At December 31, 2013, we had a bolivar denominated net monetary position of $749 million, including $765 million of
bolivar denominated cash and cash equivalents. Based on our net monetary position at December 31, 2013, a further
devaluation from an exchange rate of 6.3 bolivars to the U.S. dollar to an exchange rate of 12 bolivars to the U.S. dollar
would have resulted in a balance sheet remeasurement loss of approximately $360 million.

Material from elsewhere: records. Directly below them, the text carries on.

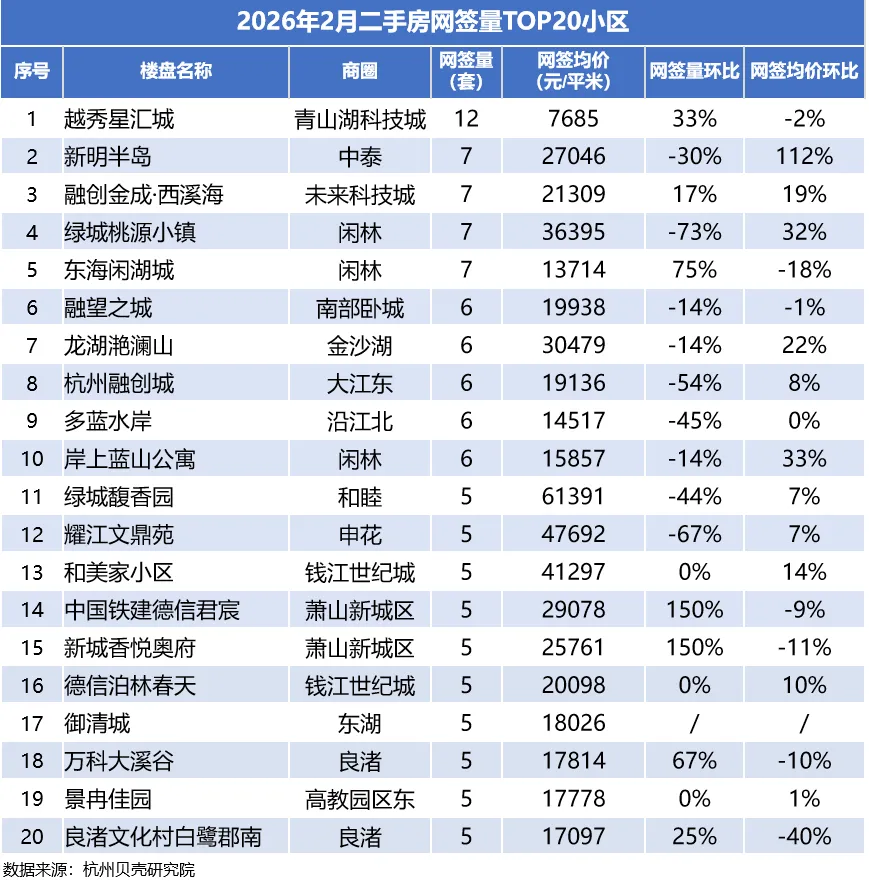 除了馥香园,西湖高尔夫、白云深处也分别成交了3套,总价都在千万以上。上城区多个高端改善次新房2月表现突出,南星桥的上品成交了2套,钱二天澜海岸、潮映万象轩分别成交2套,御道江河汇也成交了2套。本月新入榜的改善小区还有金沙湖的龙湖·滟澜山、世纪城的和美家,分别成交7套和5套。
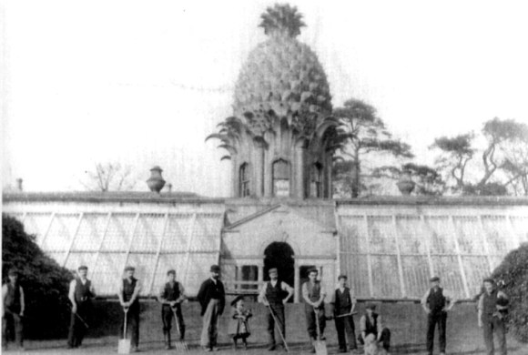 In 1775 Thomas Mouat had journeyed from the Shetlands to London to acquire furniture for the house that he was building. On the way he visited gardens and houses in the Edinburgh area in search of ideas. Fortunately, these included Dunmore and he provides us with the only early description of the Pineapple:
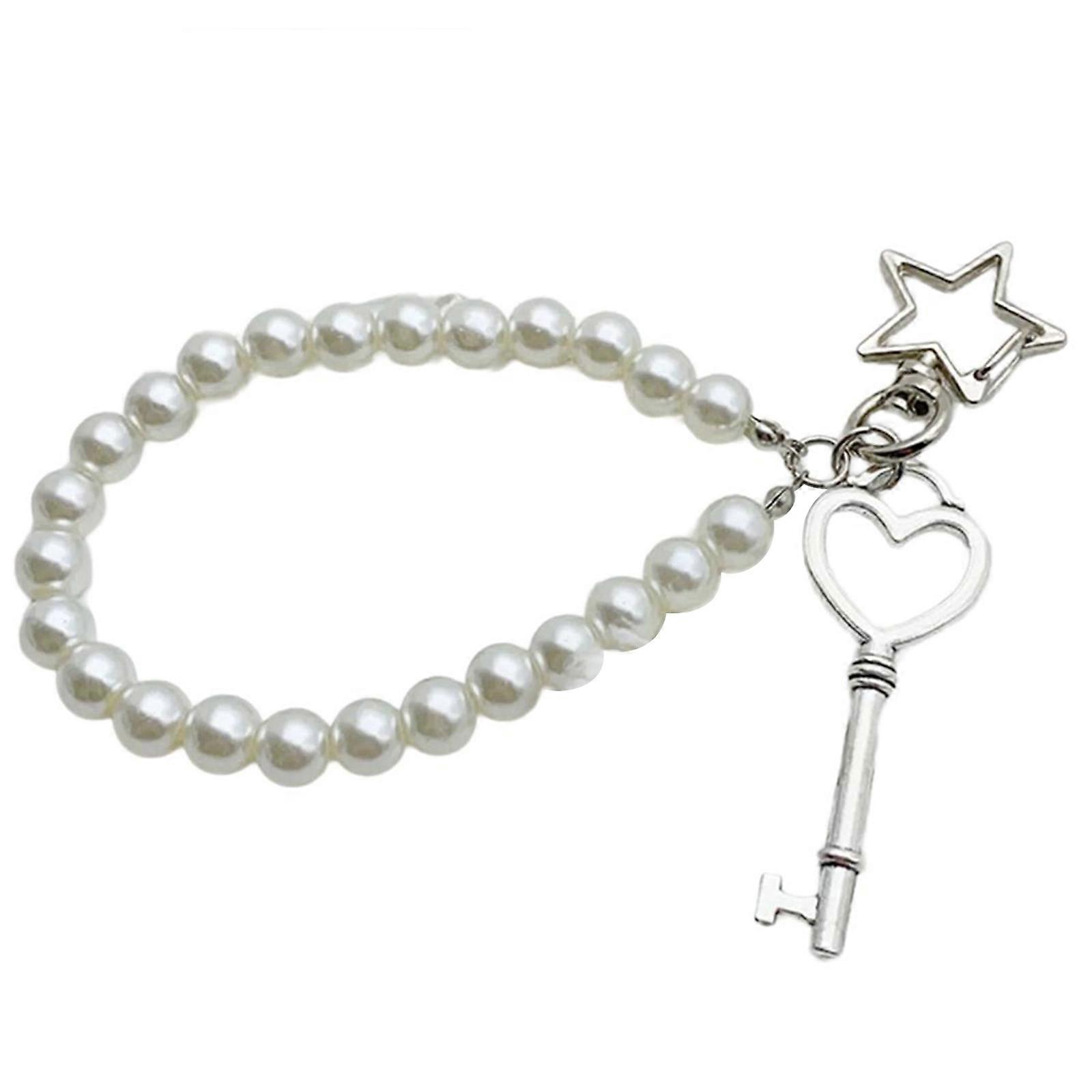 Unique Phone Lanyard Simple Beaded Bowknot/Heart/Key Pendant Key Phone Accessory Phone Key Phone Lanyard Pendant
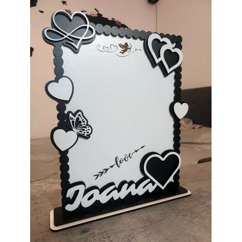 Surprinde frumusețea iubirii cu această ramă personalizabilă cu mesaj, perfectă pentru ai spune cât de mult o iubești și ce simți pentru ea. Cu detalii decorative precum inimioare și fluturi, și un mesaj emoționant din partea ta pentru ea, această ramă este un cadou de neuitat. Comandă acum și fa-o să se gândească zilnic la tine!
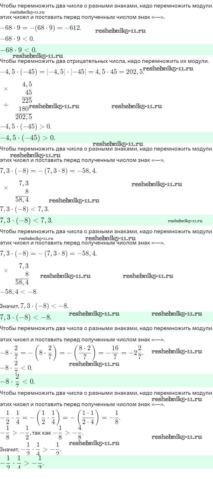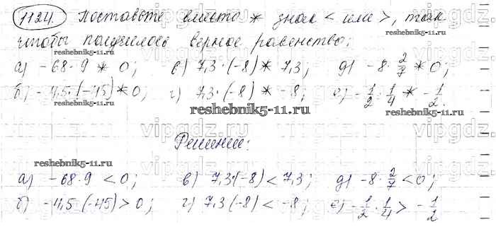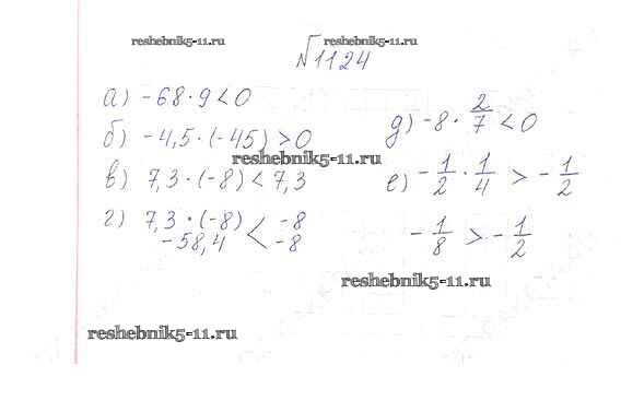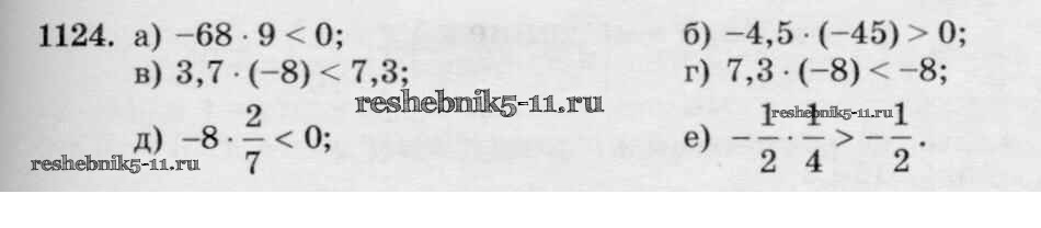 Готовая домашняя работа с ответами по Математике за 6 класс Виленкин, Жохов, Чесноков, Шварцбурд Учебник Мнемозина 2014 ФГОС - §7. Умножение и деление положительных и отрицательных чисел 1124
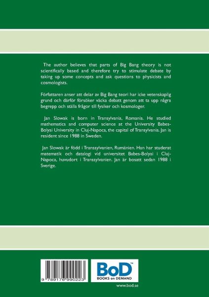 The author believes that parts of Big Bang theory is not scientifically based and therefore try to stimulate debate by taking up some concepts and ask questions to physicists and cosmologists.Författaren anser att delar av Big Bang teori har icke vetenskaplig grund och därför försöker väcka debatt genom att ta upp några begrepp och ställa frågor till fysiker och kosmologer.
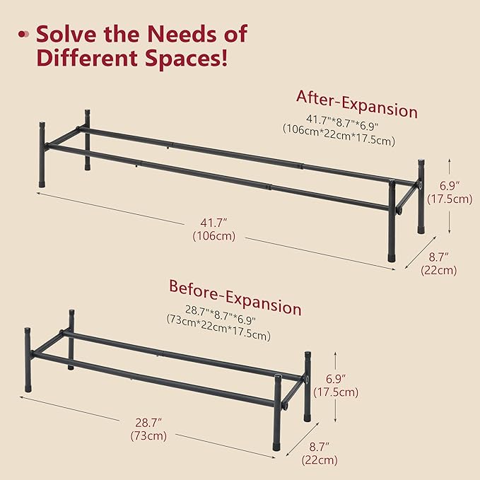 - 【Expandable Shoe Rack】The size of the shoe rack organizer can be expanded up to 28.74" to 41.73", so you can adjust it flexibly according to the size of the space and your need. Dimension: 28.74"~41.73" W x 8.66"D x 6.88"H.
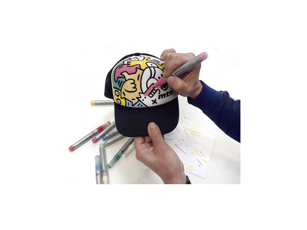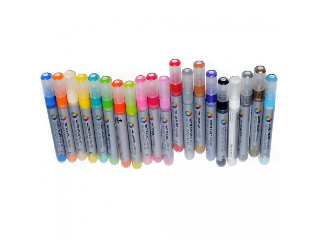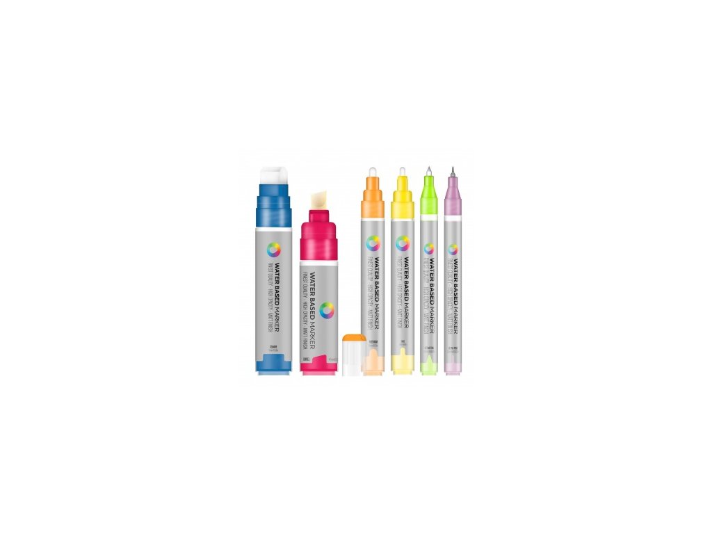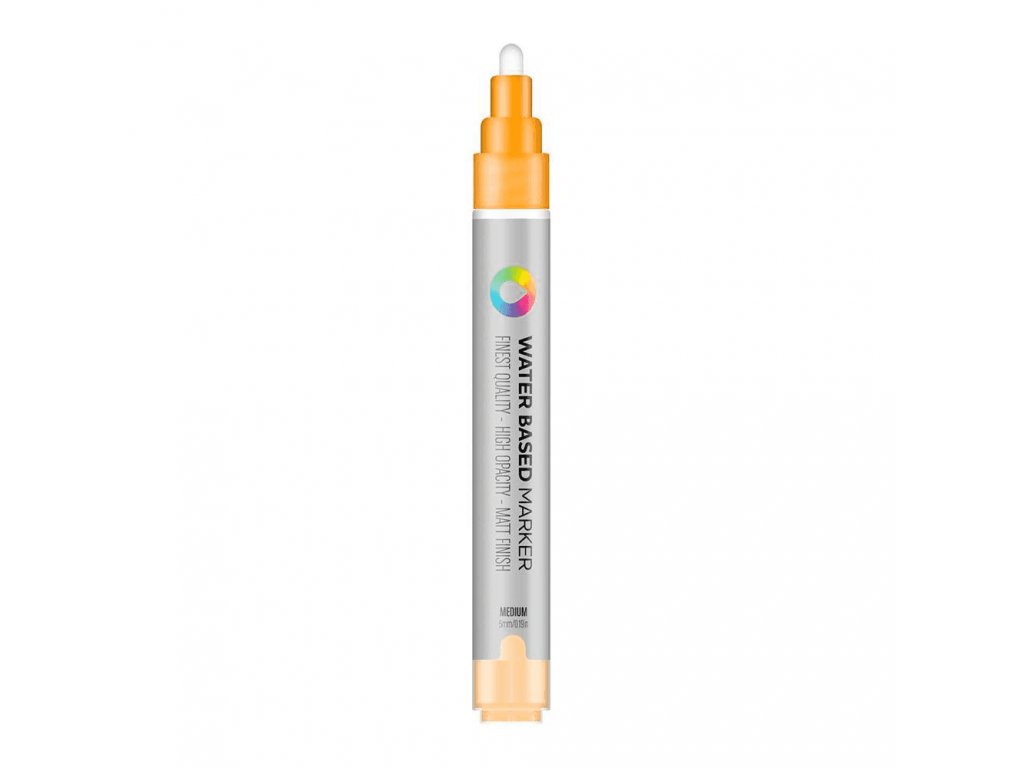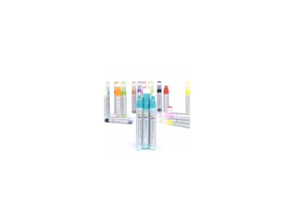 Akrylový fix španělského výrobce MTN s kulatým hrotem 5 mm. Díky této šíři hrotu je možné fix použít jak na vyplnění menších ploch, ale i na výrazné tahy a kontury. Náplň fixu je na vodní bázi s perfektním krytím na všech materiálech, jako kov, plast, porcelán, dřevo, plátno, kůže, papír, sklo a další. Pigment je silně koncentrovaný a po svém zachnutí je barva vodě odolná. Náplň je bez zápachu a bez rozpouštědel a je tedy vhodná i pro práci s dětmi. Fix je možné použít v interiéru i exteriéru a v nabídce je 20 kontrastních odstínů, včetně stříbrné a zlaté. Náplň lze opakovaně doplňovat, stejně tak jako je možné vyměnit hrot. Odstíny této řady fixů jsou stejné jako odstíny sprejů MTN Water based 300 ml a je tedy možné je kombinovat při práci aniž by byl ve výsledku znatelný rozdíl barev.
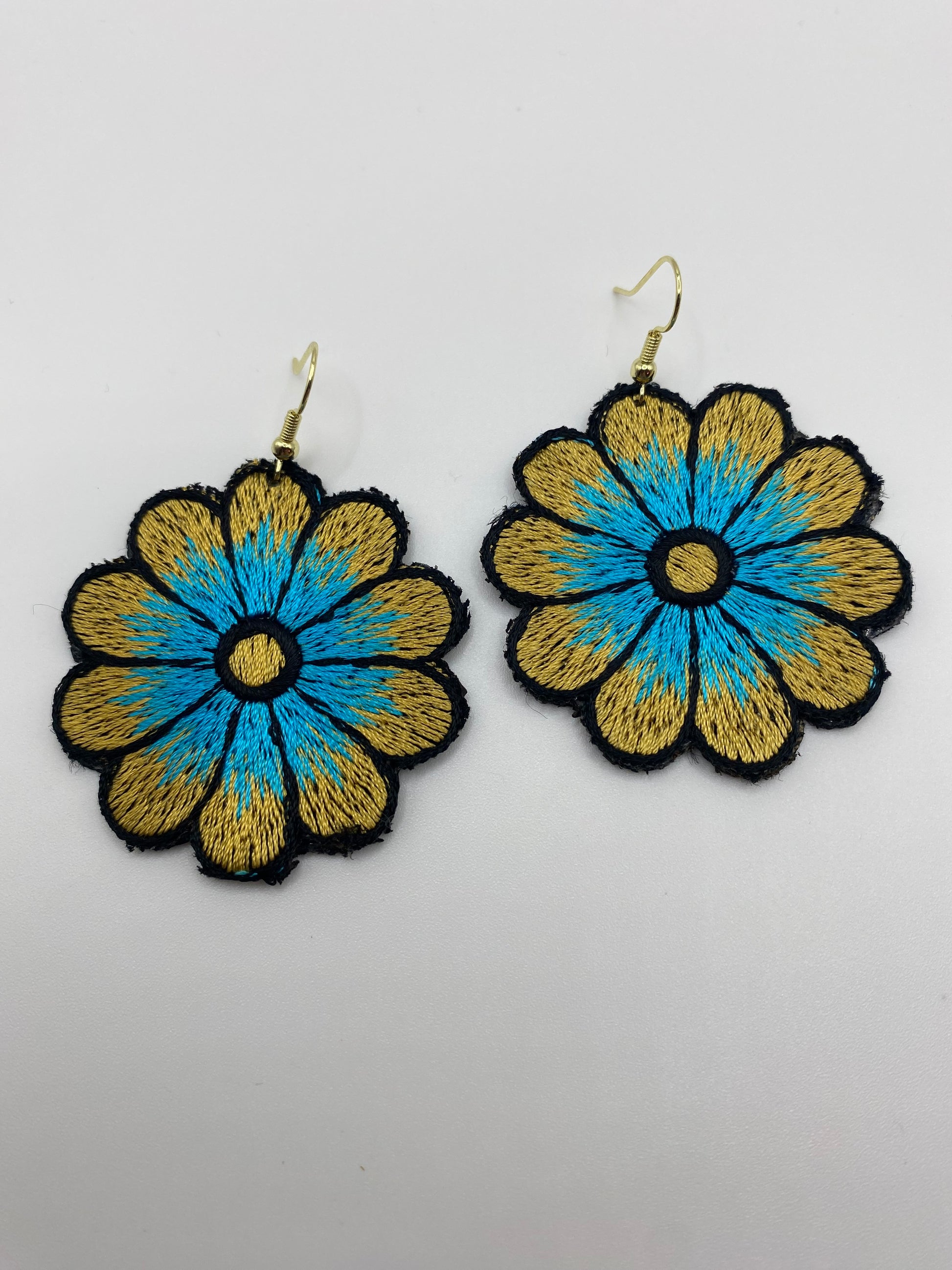 These Blue & Gold Embroidered Flower Earrings showcase exquisite hand-crafted artistry from Retalhuleu, Guatemala. Featuring vibrant flowers, each earring is meticulously embroidered by skilled artisans. They are 2.5 inches long and lightweight, making everyday wear very comfortable. The detailed embroidery highlights traditional techniques, offering a unique accessory that combines cultural heritage with elegant design. Perfect for those who appreciate authentic, handcrafted jewelry with a refined touch.
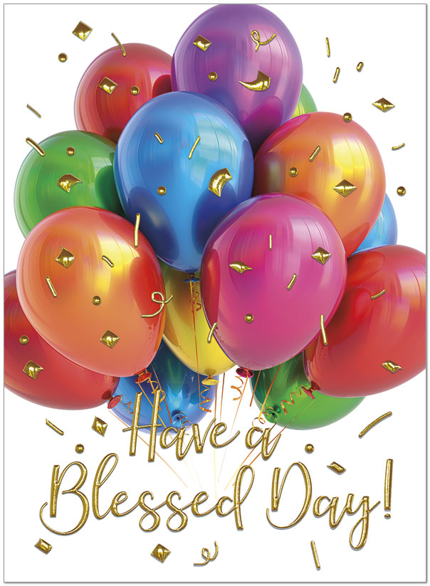 Wish them a blessed birthday with this colorful balloon design featuring gold foil embossing. Printed on satin FSC® paper.
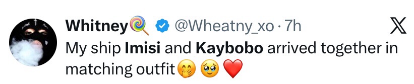 Videos and photos from the glamorous event quickly made the rounds online, showing Imisi and Kaybobo arriving side by side, clearly comfortable in each other’s company.
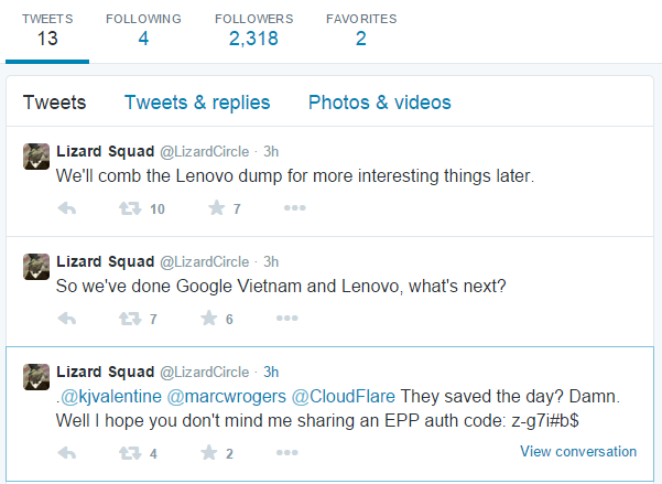Berdasarkan informasi lanjutan yang saya dapatkan, pelaku hacking situs Lenovo adalah pemilik akun twitter @LizardCircle. Berikut adalah screenshoot kicauan dari pemilik akun twitter @LizardCircle,

At December 31, 2013, our investment in our Venezuelan subsidiary (which includes undistributed earnings) was
$881 million. Also, at December 31, 2013, it had $300 million of U.S. dollar currency exchange requests pending with and
in transit to the governmental controlled currency exchange, including $295 million payable to other Ford consolidated
affiliates.
The operating environment in Venezuela continues to be challenging. Foreign exchange control regulations have
affected our Venezuelan operation’s ability to pay dividends and obligations denominated in U.S. dollars, and are
constraining parts availability and our ability to maintain normal production. Recent developments in Venezuela, including
price controls and a very limited and uneven supply of foreign currency to support production, have affected adversely our
business and results of operations. These and other restrictions could limit our ability to benefit from our investment and
maintain a controlling interest in our Venezuelan subsidiary.